# Mad Dog FAILURE - Beyond Livid



## 804 Paint (Jan 31, 2014)

Used Mad Dog Durabuild on an interior today. Lots of peeling paint scraped yada yada. Specs for the customers budget were to scrape what would come off without too much time consumption and leave the rest. 

Lots of areas ended up being scraped down to lead paint. Lots. Some areas were ok and the previous acrylic topcoat was left intact. 

Sprayed two coats of Breakthrough today over the Mad Dog. Everything looked fine. Homeowner just sent me pics. It is alligatoring EVERYWHERE it was stripped down to lead. Everywhere the acrylic coatings were are FINE. 

No idea WTF to do. I mean this sh*t is designed for such applications...or so they say. That’s the entire friggin point. Go on their site. They have an historical renovations showcase. You think none of those were stripped to lead paint??

I’m at the point with this job where I’m about to tell the homeowners there’s nothing I can do you just got a free alligatory trim job. 


Sent from my iPhone using Tapatalk


----------



## PNW Painter (Sep 5, 2013)

Hopefully you’re insured. Sounds like it might be time to talk with your agent about making a claim. 


Sent from my iPhone using Tapatalk


----------



## lilpaintchic (Jul 9, 2014)

804 Paint said:


> Used Mad Dog Durabuild on an interior today. Lots of peeling paint scraped yada yada. Specs for the customers budget were to scrape what would come off without too much time consumption and leave the rest.
> 
> Lots of areas ended up being scraped down to lead paint. Lots. Some areas were ok and the previous acrylic topcoat was left intact.
> 
> ...


How much dry time between the mad dog and the breakthrough?
As much as I hate to say it, I'm betting the breakthrough shouldve just been self priming, no MD. I'm thinking it's so tenacious that it either pulled the md and the primer coat is cracked OR there was still moisture in it and be ause the BT dries so fast, it dried harder and faster than the md and cracked the finish. Hard to say....just a theory from behind the screen here with no pics.

Solution:
Thick prime rx, peel bond, (insert high build ppg bonding primer here that I cant remember the name of...might even just use their latex undercoater *way cheaper* talk to them about compatability) 2 coats. Hit it with some manor hall satin, get your check and run like hell.

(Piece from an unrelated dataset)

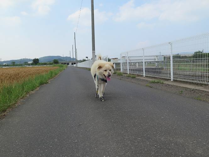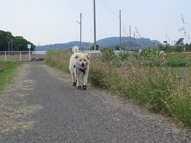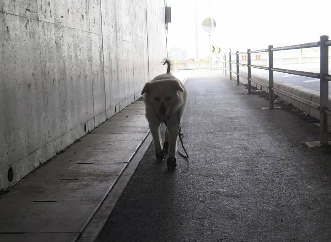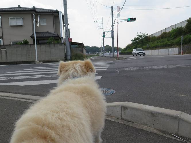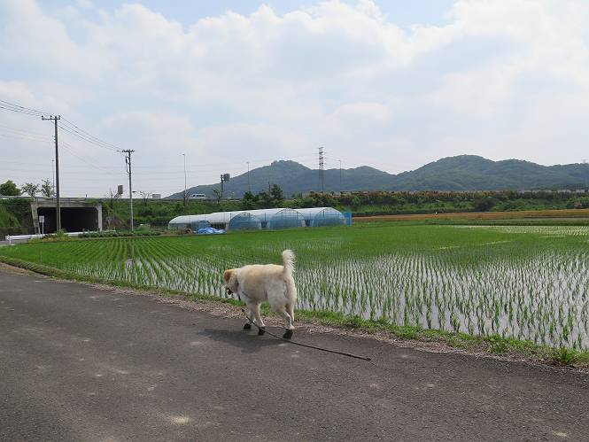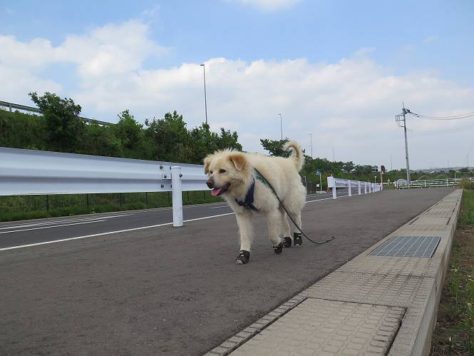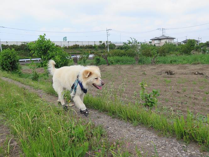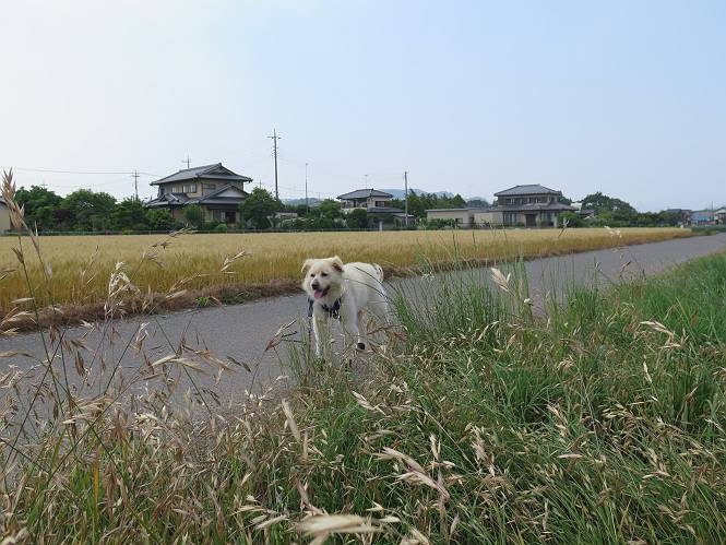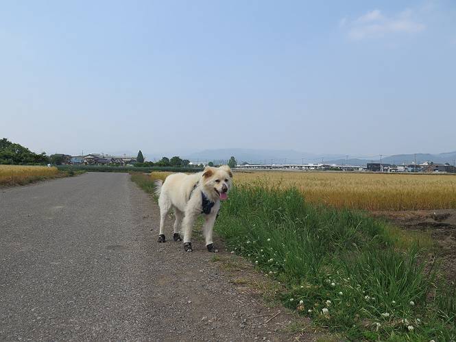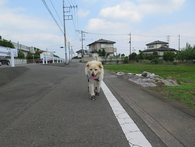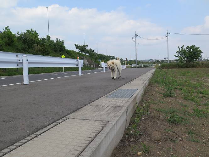 | 平成二十八年五月二十六日 Before 写真集目次へ Next お父さんが花の写真を撮っているのを見てます。まだ陽が弱くて涼しいのですが、日中は暑くなるそうです。後ろに咲いているピンクの花はキョウカノコという花で、小さい花がいっぱい集まっています。 ぼく、飽きちゃって、芝生で寝転んでいると、後ろでウツボグサを撮っていたのですね。 今日は、日中の散歩となりました。カンカン照りで温度の上がった舗装道路は苦手です、久しぶりに靴を履き夏の準備だそうです。お父さんの身支度ですが、首に携帯電話とタオル、腰にぼくの散歩グッズ、予備のリード、カメラ、水500ccをつけてます。この辺は、いつも歩く散歩コースで刈り取り前の麦畑の多い所です。 靴は、最初は、ちょっと変な感じがしましたが、直に慣れて、走ったりもしました。 片側、用水に沿ってしばらく進みます。 ボチボチ田植えも始まっていて、沢山水が流れています。 ここの田圃は田植えが終わってますね、麦を作らなかったのでしょう。 向こうに見える山は金山です、もう真っ青ですね。 右にカーブして、 高速道路の下を抜けます。 風が抜けて涼しいです、一休みしましょう。 右に曲がって、ヤグルマソウ畑の横を歩いてます。 高速道路と並行した道です。 偶然でしょうか、走ってる車も歩いている人もありません。 もう少し先で、交差点に出ます。 赤です、止まってます。 青になりました、リードを緩めて、GO!です。 西方向に向かって進んでます、 この道は高速道路をくぐって北に進みますが、 ぼくは、ちょっと手前で、田圃道に入りましたが、靴底が滑って、こけました。 用水を渡って、細い道に出ました、 ここは時々車が通るんですよ。 また、小橋を渡って田圃の間の細い道を歩いてます、ここは車が通れません。ぐるっと大きく回り込んで、先ほどの一つ南の信号を渡って、 先ほどくぐった高速道路に出て一周しました、水をもらって、お休み中です、ここは風が抜けるので涼しいですよ。 あとは、家まで来た道を戻ります。 今日は、夏の暑さに備えて、一回りしてきました、ぼくは、大丈夫だってさ。お父さんの方が先にクタバッチャウそうです。 Before 写真集目次へ Next |

Sent from my SM-N960U using Tapatalk


----------



## 804 Paint (Jan 31, 2014)

lilpaintchic said:


> How much dry time between the mad dog and the breakthrough?
> As much as I hate to say it, I'm betting the breakthrough shouldve just been self priming, no MD. I'm thinking it's so tenacious that it either pulled the md and the primer coat is cracked OR there was still moisture in it and be ause the BT dries so fast, it dried harder and faster than the md and cracked the finish. Hard to say....just a theory from behind the screen here with no pics.
> 
> Solution:
> ...



The reason Mad Dog was used was LOTS OF PEELING PAINT. Mad Dog Dura Build is a high build elastomeric primer. Again, the specs for the job were to scrape away as much peeling paint as would scrape away and not get into sanding stuff that would not scrape off. Think of Mad Dog as being a way to "shrink wrap" the entire substrate (intact topcoat and undercoat) together so the new paint job lasts longer. *If* the specs for the job were to scrap/sand everything down to the original lead coating, I would have just used a latex bonding primer (and certainly woudln't have relied on any finish coat being "self priming" after all that labor.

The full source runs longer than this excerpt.